DATASET EXTRACT:
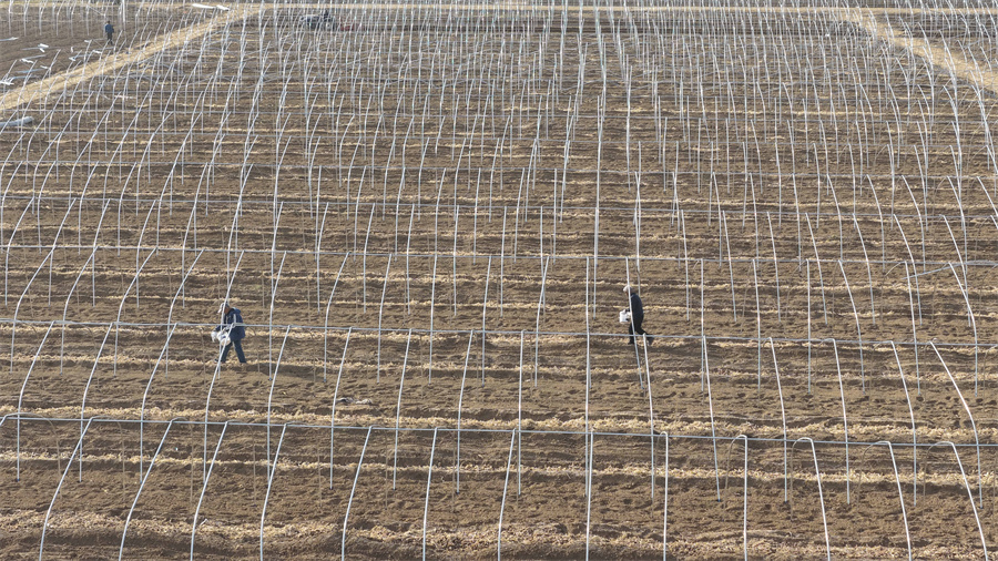 12月7日,永濟市栲栳鎮(zhèn)過遠(yuǎn)村西瓜種植基地,工人們在搭建溫室大棚,同步推進施肥與旋耕作業(yè)。
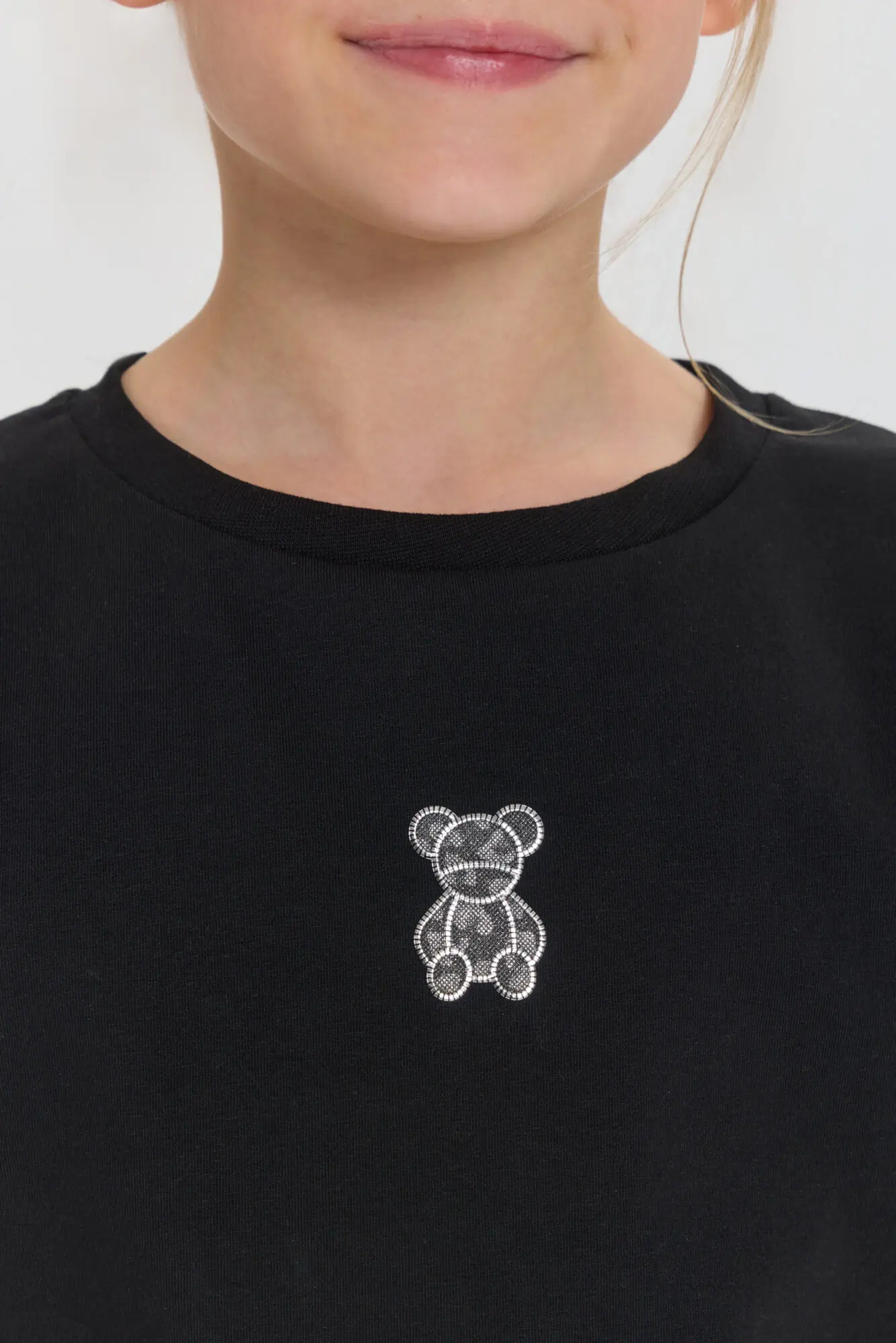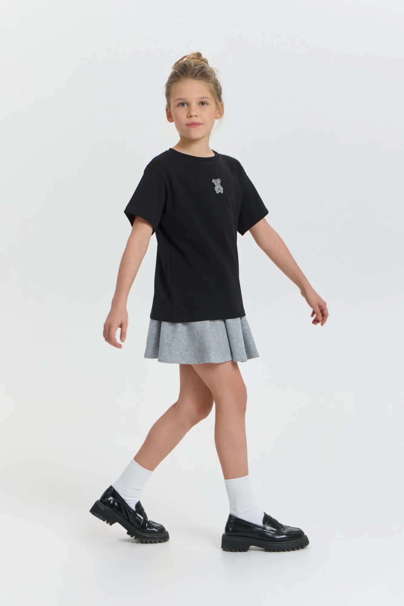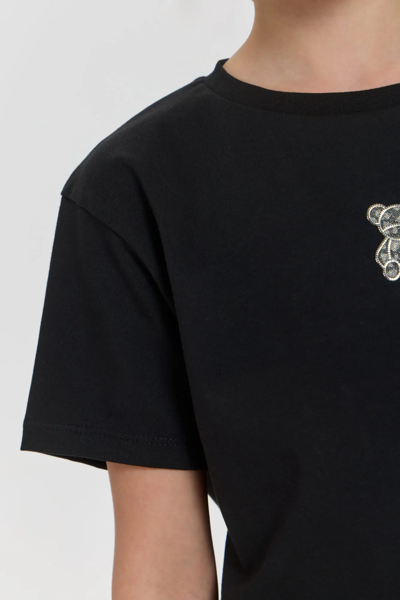 В гардеробе каждой модной девочки обязательно должна быть стильная черная футболка. Эта трендовая модель с оригинальным дизайном и необычным декором поможет создавать эффектные и запоминающиеся луки. ... Изюминка этой футболки – короткие рукава, украшенные сеткой со стразами, которые делают ее неповторимой и привлекательной. Футболка отлично сочетается как с элегантными юбками и брюками, так и с повседневными джинсами.
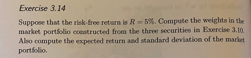 Enligt facit är svaren till 3.14 följande: Weights =[0.438 , 0.012 , 0.550], expected return = 0.183. Och jag vet hur de får fram värdena på våra weights men det jag inte lyckas få till är hur de får fram expected return of the market portfolio.
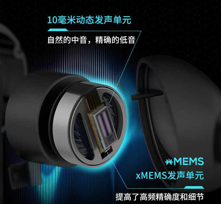 驱动单元:MEMS固态单元+10mm动圈

DESCRIPTION OF THE TASK: Could the lines from the one with "Enligt facit är" through the last line of the material above be written out exactly, both included, with pictures left out?

TASK SOLUTION:
 Enligt facit är svaren till 3.14 följande: Weights =[0.438 , 0.012 , 0.550], expected return = 0.183. Och jag vet hur de får fram värdena på våra weights men det jag inte lyckas få till är hur de får fram expected return of the market portfolio.
 驱动单元:MEMS固态单元+10mm动圈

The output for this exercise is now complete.